- WHAT IS EXPECTED
Within the records that follow, restate exactly the lines from the line with "2012年12月13日,白俄" down to the line with "Type K Temperature", including both. Omit the pictures.

- SUPPLIED INFORMATION
....

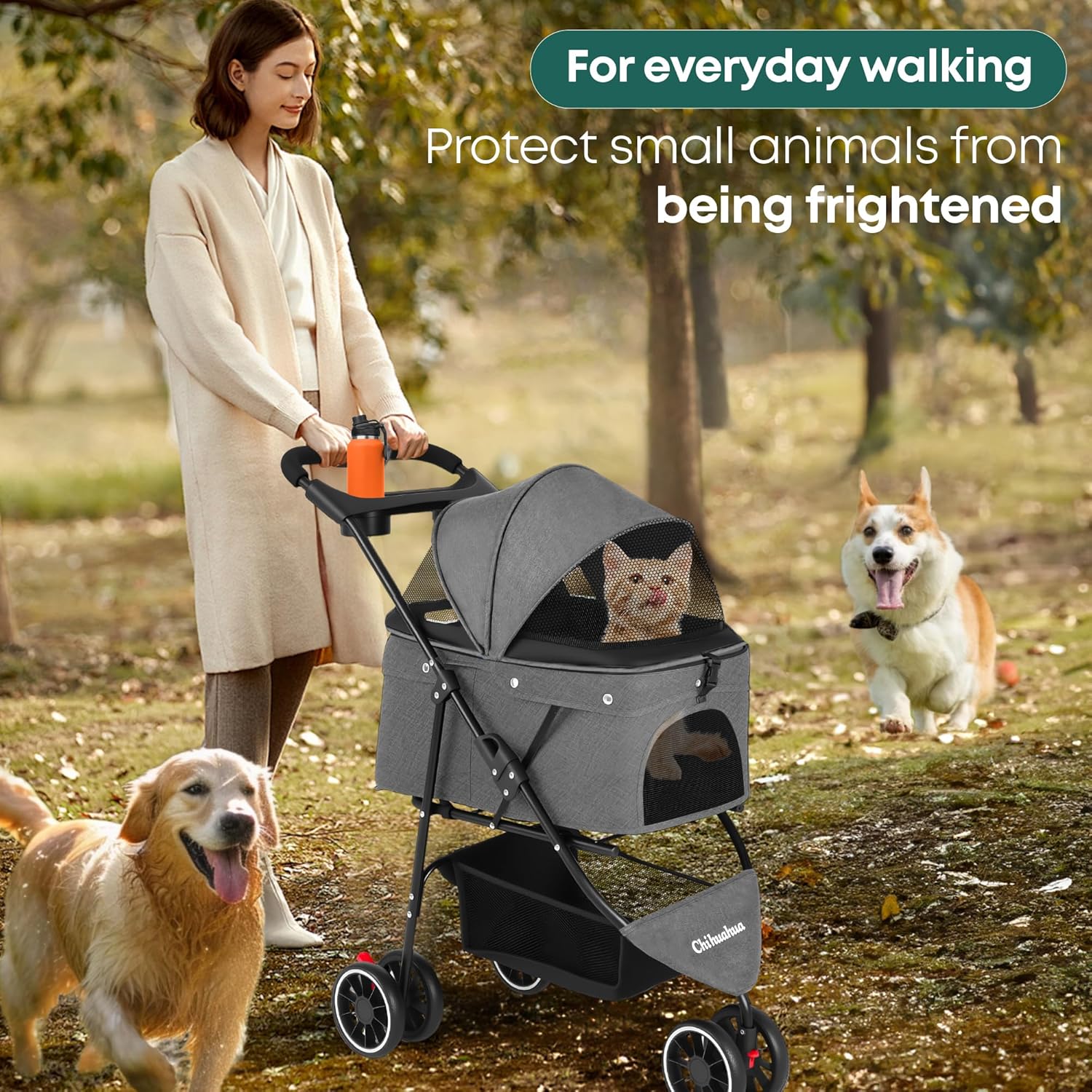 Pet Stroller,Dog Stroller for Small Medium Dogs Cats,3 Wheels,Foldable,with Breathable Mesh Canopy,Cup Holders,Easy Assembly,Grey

....

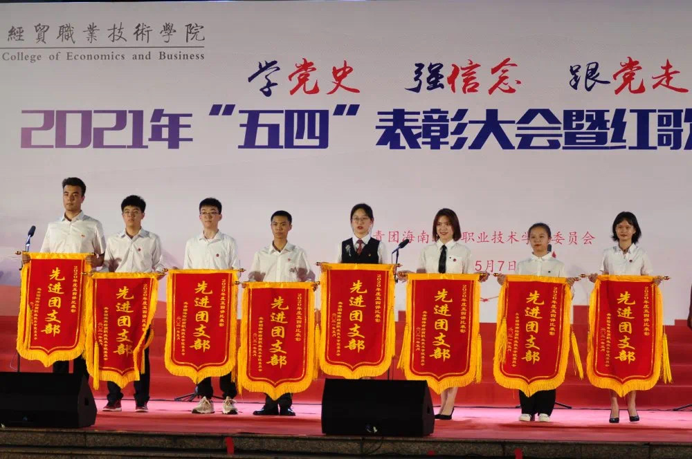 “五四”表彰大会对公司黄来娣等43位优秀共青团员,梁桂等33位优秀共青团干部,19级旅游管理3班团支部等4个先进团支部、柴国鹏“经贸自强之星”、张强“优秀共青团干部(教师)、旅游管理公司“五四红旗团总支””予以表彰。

....

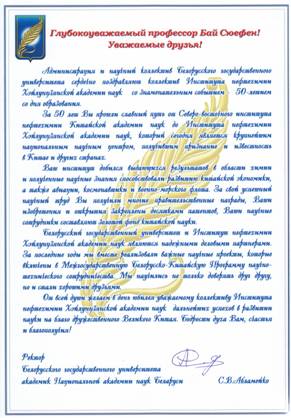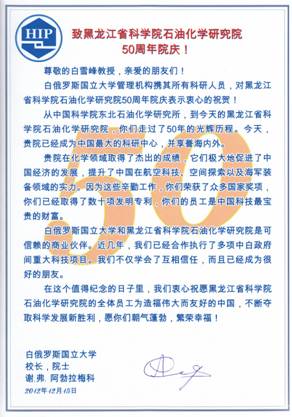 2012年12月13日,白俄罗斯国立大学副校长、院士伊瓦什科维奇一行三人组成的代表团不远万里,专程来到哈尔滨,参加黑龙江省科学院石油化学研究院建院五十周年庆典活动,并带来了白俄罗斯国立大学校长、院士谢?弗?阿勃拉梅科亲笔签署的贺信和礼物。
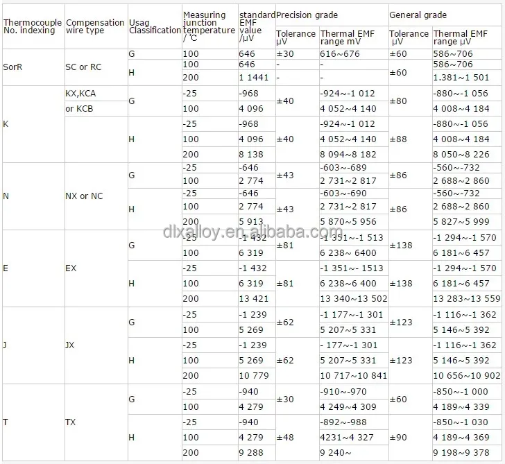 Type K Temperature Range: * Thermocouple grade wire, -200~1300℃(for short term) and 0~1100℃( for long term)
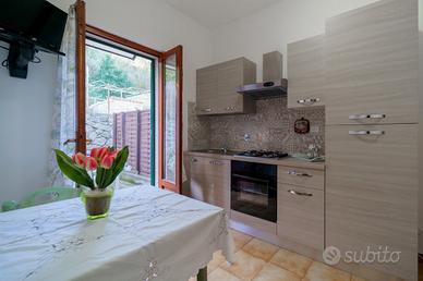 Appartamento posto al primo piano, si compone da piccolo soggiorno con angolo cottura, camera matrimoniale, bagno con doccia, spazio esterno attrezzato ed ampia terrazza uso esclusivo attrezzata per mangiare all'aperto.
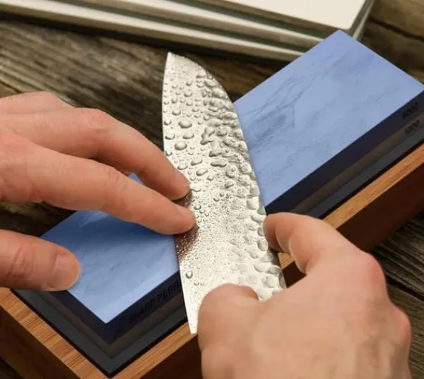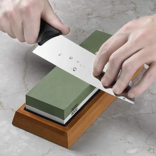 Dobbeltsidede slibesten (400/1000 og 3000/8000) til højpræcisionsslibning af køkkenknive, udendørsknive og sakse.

....

- WRITTEN REPLY
 2012年12月13日,白俄罗斯国立大学副校长、院士伊瓦什科维奇一行三人组成的代表团不远万里,专程来到哈尔滨,参加黑龙江省科学院石油化学研究院建院五十周年庆典活动,并带来了白俄罗斯国立大学校长、院士谢?弗?阿勃拉梅科亲笔签署的贺信和礼物。
 Type K Temperature Range: * Thermocouple grade wire, -200~1300℃(for short term) and 0~1100℃( for long term)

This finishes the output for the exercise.